Don’t use spit to remove small stains, but get a cup of water before you start with the make-up. 
When you smoke cigarettes, make sure you have a mint or gum in your mouth before you start, same with you’ve been eating smelly foods. 
Cover the clothes with a towel, to prevent falling powder to make stains. 
Don’t test products with your fingers, they’ll become greasy and even unusable in the long run. 
 
Before you start with your make-up, make sure you have all the cosmetics ready in your work field, so you don’t have to grab into you makeup case while you’re busy. It will also look better to your model and boss. Make sure you’ll do this every time.

First thing to do before applying make-up is to clean the face. Use cleaning milk with a cotton pad first, and if needed eyemake-up remover. Do not use any greasy products; oil will decrease the quality and the lasting power of the make-up. After the milk, use a toner, again with a cotton pad. Then apply a moisturizer, and don’t ever forget this, or the make-up will look dry!

First we’ll analyze the face; look at irregularity’s, spots, scars, shadows etc. 
We’re going to start off with the base make-up, and the goal is to even the skin and tone down the shine.

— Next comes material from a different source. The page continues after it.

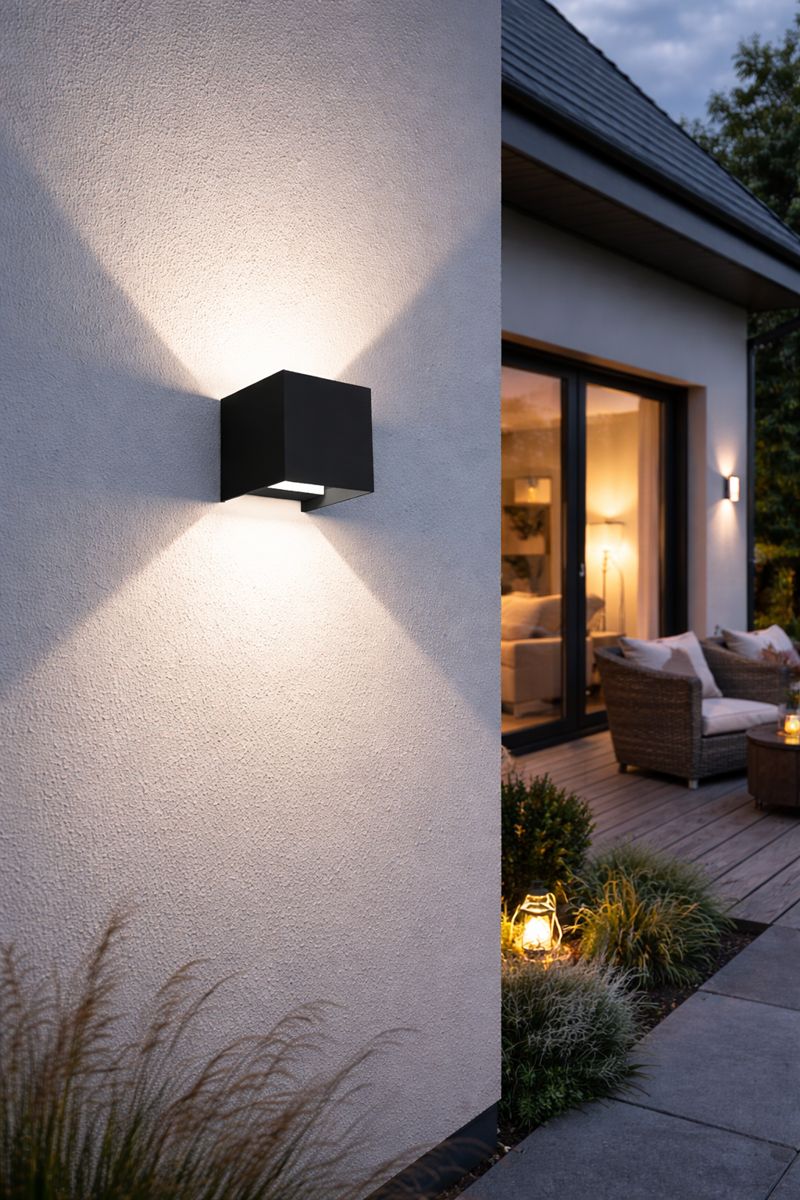 Minimalismus, který má efekt: nástěnné LED svítidlo CENTURY Up&Down v černém provedení zaujme čistou kubickou formou a působivým světelným kuželem směrem nahoru i dolů. Díky modernímu designu a kompaktním rozměrům se skvěle hodí k nasvícení fasád, vstupních prostor i moderních interiérů, kde vytváří příjemnou a zároveň reprezentativní atmosféru.
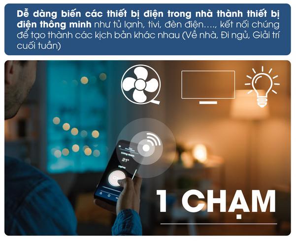 Có thể điều khiển từ xa và theo dõi trạng thái bật/tắt của thiết bị thông qua ứng dụng trên điện thoại, bạn sẽ không còn phải lo lắng khi ra khỏi nhà mà quên tắt điện.

Okay now let’s start with the makeup!
This the base makeup, this order is used everytime you're doing make-up on someone. Note: the amount of coverage is different for every occation, and in this case it's high coverage. This will look great on photo, but not so much IRL. 

· Step 1 
Remove shadows
· Step 2
Cover red spots and zits
· Step 3
Apply more color if necessary.
· Step 4
Apply foundation.
· Step 5
Powder face.

*Remove shadows; *use concealer 2 to 4 shades lighter that the skintone. Most shadows are underneath the eyes, beside and below the nosewings, in the crease from nose to corner of the mouth, below the lower lip. Gently pat the concealer into the skin with your finger and leave no visible lines, so blend well.
Only use concealer where necessary. Analyze the model’s face well, if there is no shadow, don’t use concealer. 
If the circles under the eye still show a bit of blue, you can use a mix of orange and skin toned concealer to remove the blue. 
*Cover red spots and zits*; use green concealer. Simply tap a little concealer onto the read spot and pat it lightly into your skin with you finger. It’s okay if the green is still showing a bit; this will disappear after the next steps.
*Apply more color if necessary*; some people have a bit of a grey sheen on their face. To add a healthy glow to the face, apply some orange concealer onto the apple of the cheeks, and blend very well. 
*Apply foundation; *to even out the skin. Apply with sponge, brush or fingers. There are many different types of foundation.
· Tinted moisturizer: provides the least coverage, and is mostly used on a older skin. This skin had a lot of wrinkles and lines, and more coverage will exaggerate them. 
· Liquid foundation: used on older skin and ‘outdoor’ make-up. This foundation is very natural, but does not cover everything. Not suitable for photo and TV make-up.
· Cream foundation; this is the most used foundation in this course. It’s suitable for almost every skintype and almost every make-up. It has great coverage, but still looks natural.
· Compact foundation; this contains powder. They say you don’t need powder with this foundation but that is not true. This foundation is still greasy! Suitable for theatre and catwalk.
First find the right color foundation to match the skintone, test on the jaw line. Don’t go darker or lighter that the skintone! The color is right when it disappear into the skin. Apply the foundation on the whole face, use a sponge and apply with a patting motion. Be careful near the hairline, eyebrows and mustache, don’t leave residue in the hairs. Don’t forget to use foundation on the ears as well, and blend the foundation in the neck; make sure you cannot see lines where the foundation stops.
*Powder face*; after applying concealer and foundation, we’ll use powder to set the foundation, tone down shine and absorb oil. This is extra important for photos and TV. The wrinkles/creased need to be pulled smooth and then powdered off. For a light effect use a powder brush, for more coverage(tv/film/photo and theatre), use a powder puff. Always wipe the powder in the direction the hair grows. Use transparent powder, because it’s lighter than the skin tone.
If the model is too pale, use some brown/bronzing powder to add color. 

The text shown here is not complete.